▸ **Instructions for the task**
Transcribe the listing in full, word for word; pictures do not belong in the copy.

▸ **Data below**
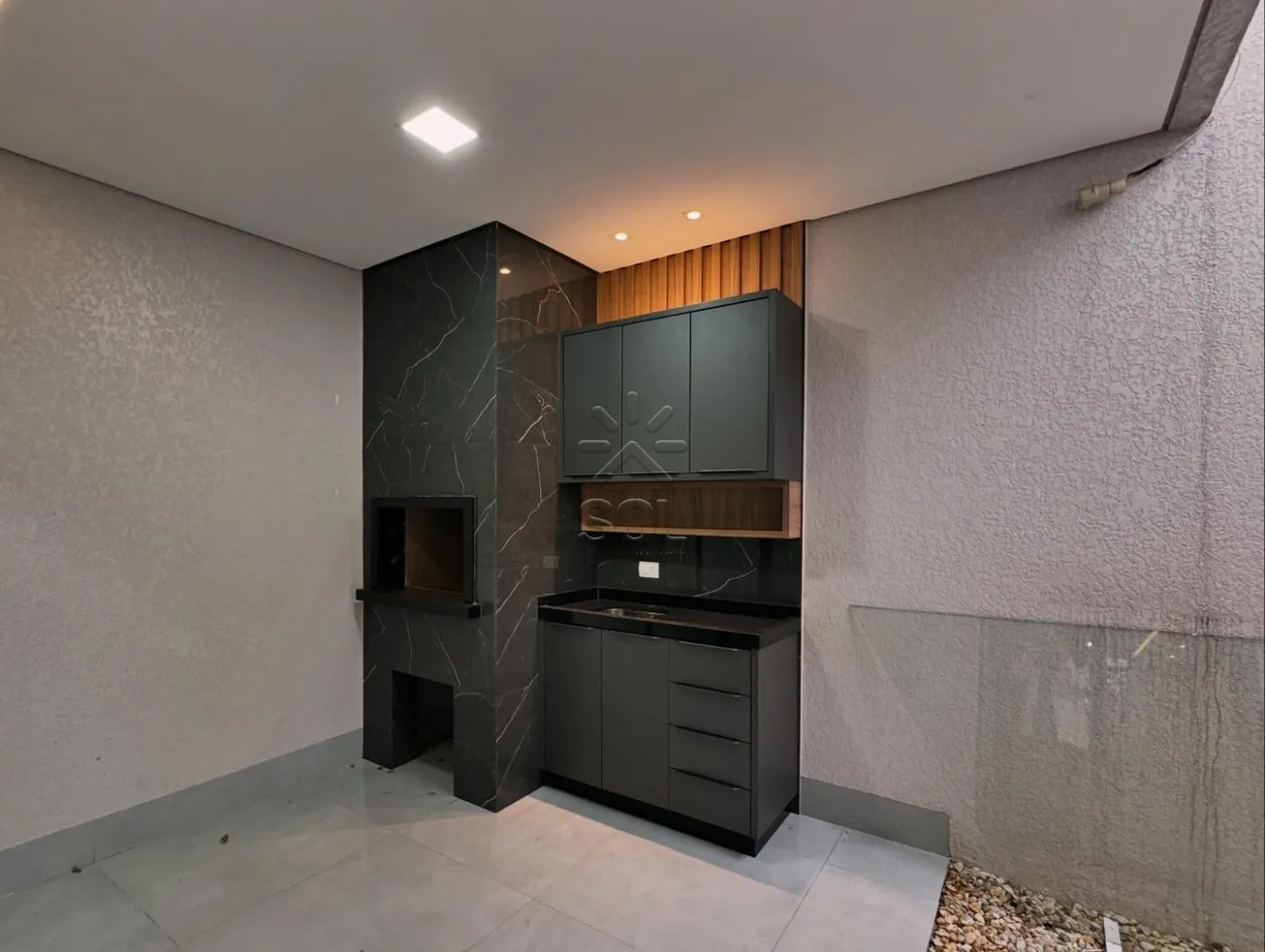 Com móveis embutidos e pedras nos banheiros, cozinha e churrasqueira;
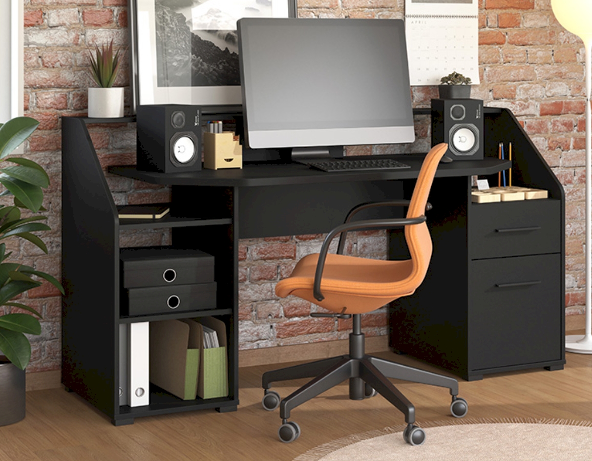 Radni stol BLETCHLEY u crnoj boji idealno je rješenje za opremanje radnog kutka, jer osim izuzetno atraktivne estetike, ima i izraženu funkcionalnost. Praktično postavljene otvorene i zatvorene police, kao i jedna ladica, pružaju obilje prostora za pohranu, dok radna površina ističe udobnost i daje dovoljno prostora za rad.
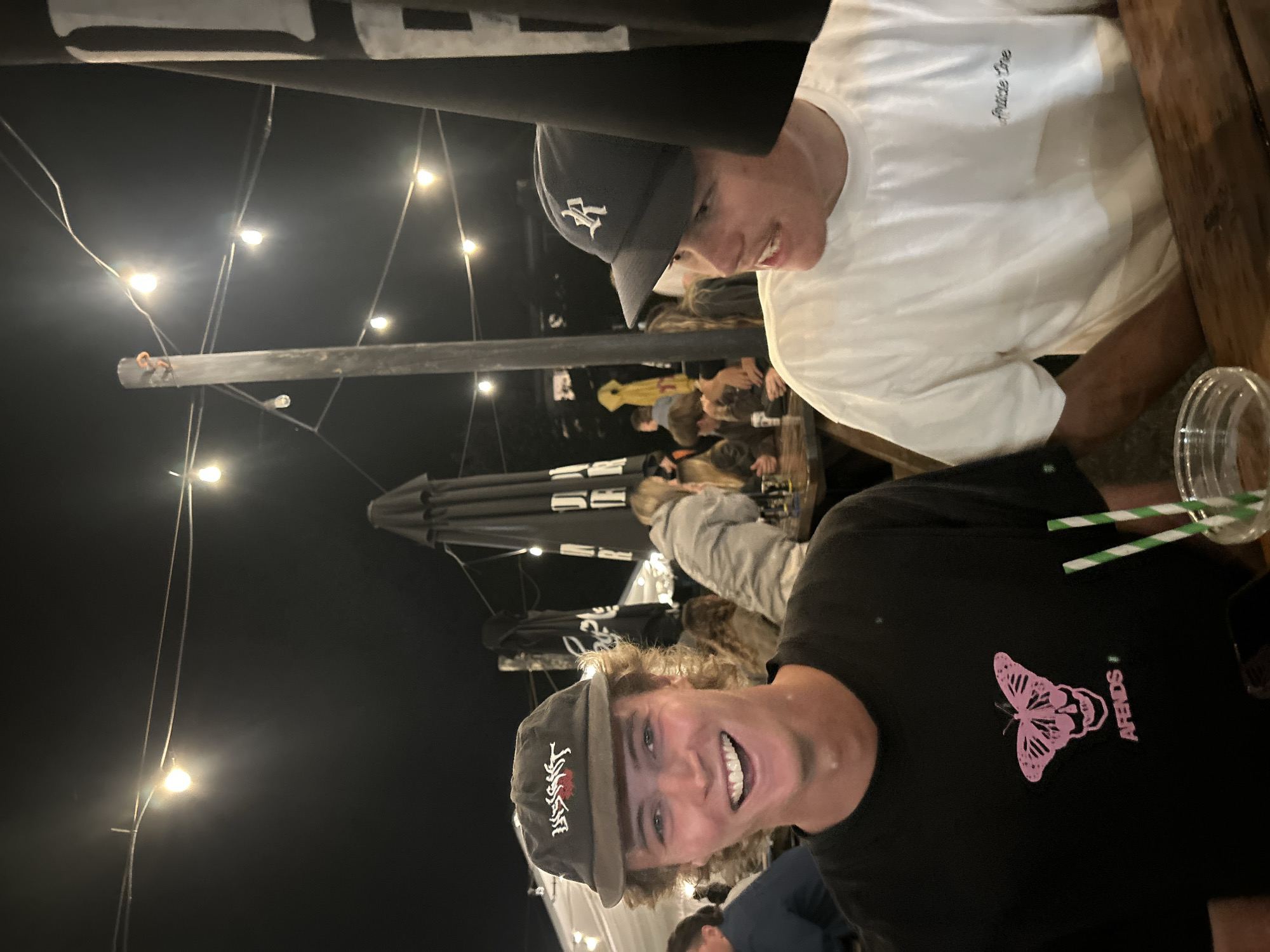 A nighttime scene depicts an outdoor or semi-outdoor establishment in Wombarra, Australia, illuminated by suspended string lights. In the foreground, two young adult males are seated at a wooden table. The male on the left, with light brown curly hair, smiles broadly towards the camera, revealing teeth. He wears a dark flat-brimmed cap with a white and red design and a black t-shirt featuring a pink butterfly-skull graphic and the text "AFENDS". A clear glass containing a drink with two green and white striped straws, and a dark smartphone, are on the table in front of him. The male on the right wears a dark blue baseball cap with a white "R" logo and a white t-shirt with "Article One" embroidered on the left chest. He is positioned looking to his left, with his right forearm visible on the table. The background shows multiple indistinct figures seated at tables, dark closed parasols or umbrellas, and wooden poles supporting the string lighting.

▸ **Exercise answer**
 Com móveis embutidos e pedras nos banheiros, cozinha e churrasqueira;
 Radni stol BLETCHLEY u crnoj boji idealno je rješenje za opremanje radnog kutka, jer osim izuzetno atraktivne estetike, ima i izraženu funkcionalnost. Praktično postavljene otvorene i zatvorene police, kao i jedna ladica, pružaju obilje prostora za pohranu, dok radna površina ističe udobnost i daje dovoljno prostora za rad.
 A nighttime scene depicts an outdoor or semi-outdoor establishment in Wombarra, Australia, illuminated by suspended string lights. In the foreground, two young adult males are seated at a wooden table. The male on the left, with light brown curly hair, smiles broadly towards the camera, revealing teeth. He wears a dark flat-brimmed cap with a white and red design and a black t-shirt featuring a pink butterfly-skull graphic and the text "AFENDS". A clear glass containing a drink with two green and white striped straws, and a dark smartphone, are on the table in front of him. The male on the right wears a dark blue baseball cap with a white "R" logo and a white t-shirt with "Article One" embroidered on the left chest. He is positioned looking to his left, with his right forearm visible on the table. The background shows multiple indistinct figures seated at tables, dark closed parasols or umbrellas, and wooden poles supporting the string lighting.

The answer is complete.